[Supplied material — start]

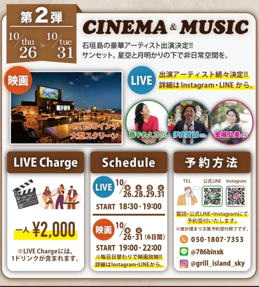 石垣島出身の豪華アーティスト達の生演奏ライブを、サンセット・星空・月明かりの下で思う存分ご堪能下さい。
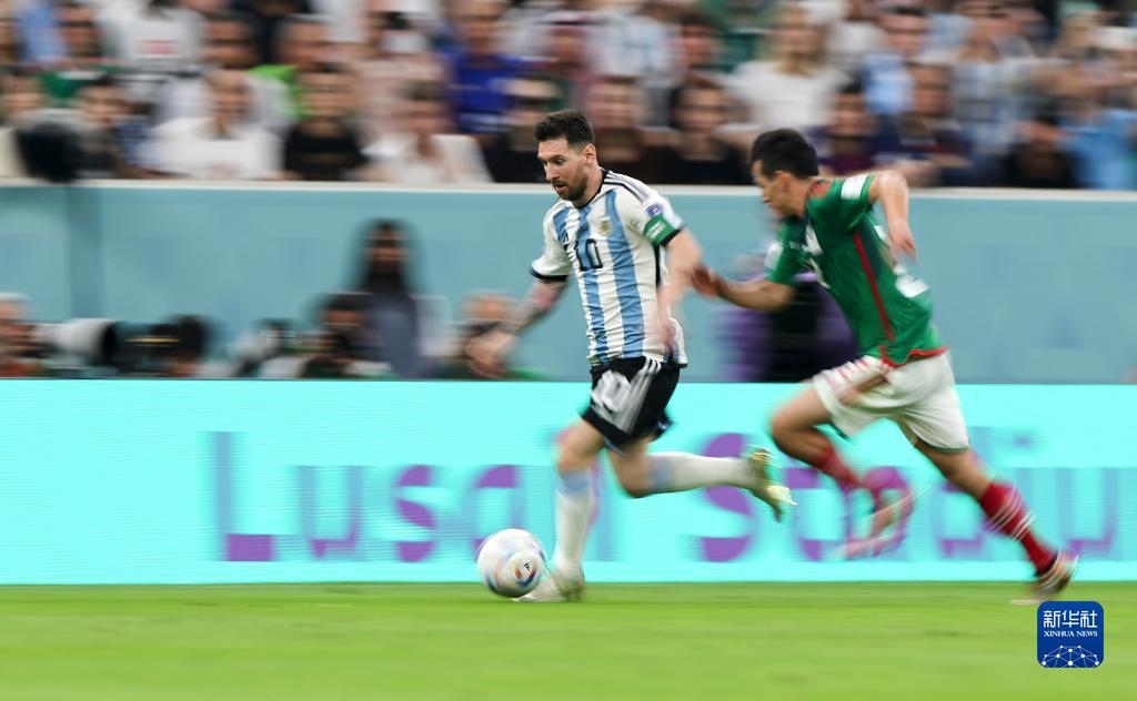 久攻不下的阿根廷人在第64分鐘終于等到了他們的英雄。梅西在禁區(qū)外接到迪瑪利亞傳球,稍做調(diào)整后左腳打出“貼地?cái)亍?,皮球躥入死角,阿根廷隊(duì)1:0領(lǐng)先。丟球后的墨西哥隊(duì)大舉壓上試圖扳平比分,后防線留下大片空當(dāng)。第87分鐘,替補(bǔ)上場的恩佐·費(fèi)爾南德斯再入一球,阿根廷隊(duì)鎖定勝局。
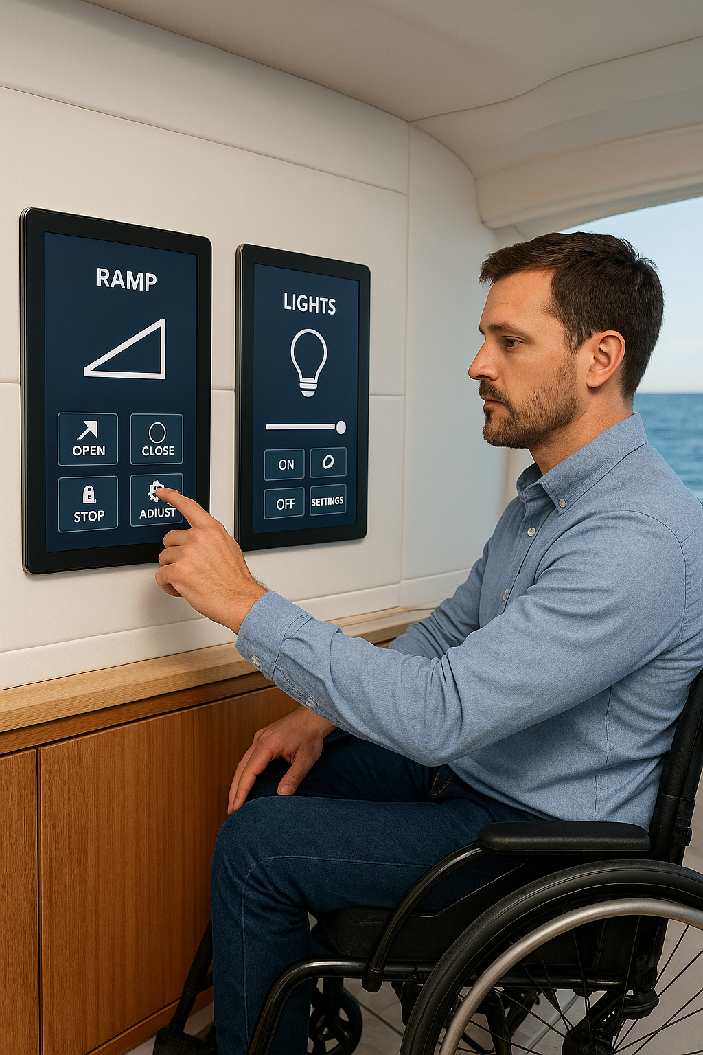 Assistenzsysteme revolutionieren den Alltag an Bord. Für Menschen mit eingeschränkter Mobilität schaffen sie neue Freiräume und erhöhen die Sicherheit. Auf barrierefreien Yachten von SUNSHINE YACHT COMPANY FZCO kommen vernetzte Technologien zum Einsatz, die Türen, Rampen, Beleuchtung und Aufzüge automatisch steuern. Über ein zentrales Touch-Panel oder Sprachbefehle lassen sich sämtliche Funktionen bedienen – vom Sonnenschutz bis zur Raumtemperatur. Sensoren erkennen Bewegungen und passen Systeme in Echtzeit an, sodass Rollstuhlfahrer sich ohne Hilfe über das gesamte Deck bewegen können. Intelligente Navigationsassistenten helfen beim Anlegen und Kurs halten, während Sicherheitsalgorithmen Stöße ausgleichen und Warnungen senden. Diese Technologien verschmelzen zu einem intuitiven System, das Luxus, Komfort und Barrierefreiheit verbindet. Ziel ist nicht nur technische Unterstützung, sondern echte Selbstbestimmung: Der Nutzer entscheidet, das System begleitet.
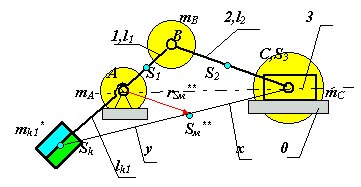 Корректирующая масса, обеспечивающая уравновешивание горизонтальной составляющей главного вектора сил инерции кривошипо-ползунного механизма, размещается на первом звене механизма и равна сумме составляющих mk1 = mk1+ mk1 = (m2 + m3 + mB1 )lАВ / lk1.
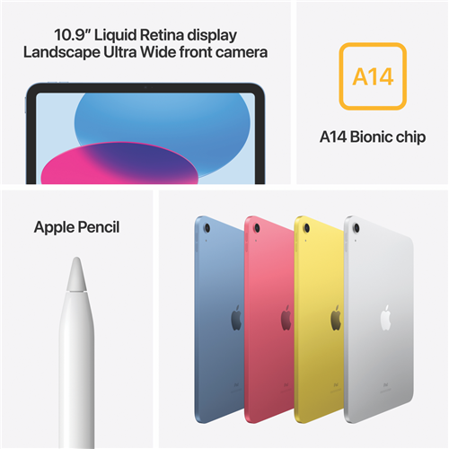 • A14 Bionic chip, 64GB storage, runs iPadOS 16
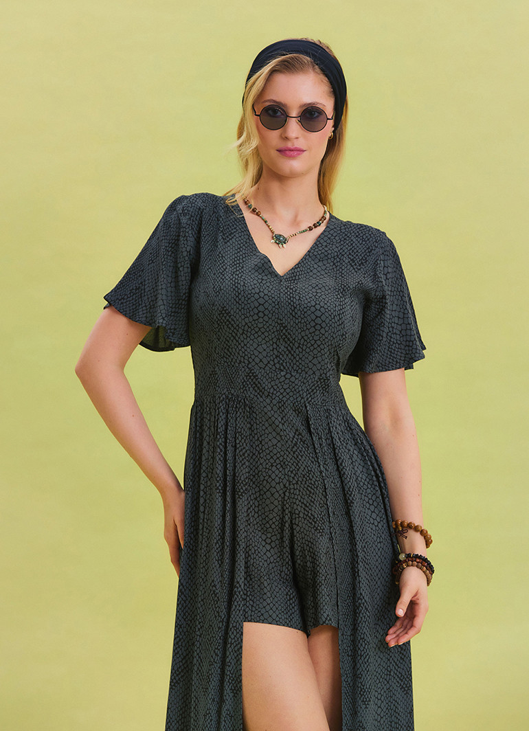 Yazın sıcak günlerinde rahatlık ve şıklığı bir arada sunan Volan Kollu Şort Detaylı Antrasit Kadın Tulum 6807, modern kesimi ve özgün detaylarıyla öne çıkıyor.
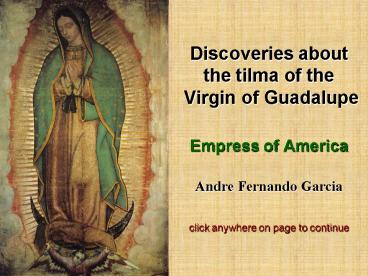 Discoveries about the tilma of the Virgin of Guadalupe Empress of America Andre Fernando Garcia clic PowerPoint PPT Presentation
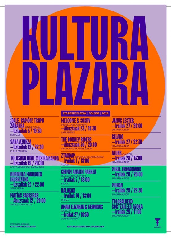 Uztailaren 5etik irailaren 29ra bitarte musika, antzerkia, dantza, literatura, zinea edota haurrentzako ekintzak izango dira Tolosan, gehienak kalean, kulturaz plazan gozatze aldera.
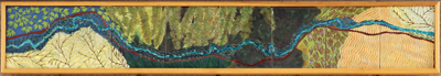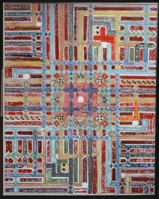 Islamic Circuitry is a layered, abstracted painting by artist Sidonie Caron. This painting is a departure from her earlier paintings based on patterns of Islamic carpets. She notes, “I saw a relationship between the geometric interlacing Islamic patterns and the patterns of the electronic circuitry seen on highly magnified views of computer chips…thus a whole new ‘computer series’ of paintings was born.” Caron has long been fascinated by Islamic carpets and their infinite variety in design.
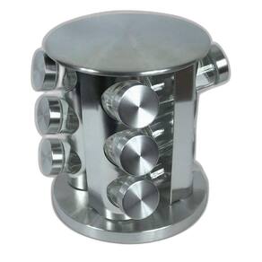 - 12 potes de vidro com tampas herméticas para manter os temperos frescos por mais tempo. - Base giratória 360 em aço inox, proporcionando fácil acesso e economia de espaço. - Design compacto e elegante, ideal para qualquer estilo de cozinha. - Material resistente e durável, garantindo longa vida útil ao produto. - Dimensões: 19 x 19 x 24 - Medidas Frascos: Altura 9,5cm x Diâmetro 4cm

[Supplied material — finish]

Try it.
In the entries above, find the line that contains "久攻不下的阿根廷人在第64分", then repeat exactly every line from the first one through that line, with no pictures.

Output of the task.
 石垣島出身の豪華アーティスト達の生演奏ライブを、サンセット・星空・月明かりの下で思う存分ご堪能下さい。
 久攻不下的阿根廷人在第64分鐘終于等到了他們的英雄。梅西在禁區(qū)外接到迪瑪利亞傳球,稍做調(diào)整后左腳打出“貼地?cái)亍?,皮球躥入死角,阿根廷隊(duì)1:0領(lǐng)先。丟球后的墨西哥隊(duì)大舉壓上試圖扳平比分,后防線留下大片空當(dāng)。第87分鐘,替補(bǔ)上場的恩佐·費(fèi)爾南德斯再入一球,阿根廷隊(duì)鎖定勝局。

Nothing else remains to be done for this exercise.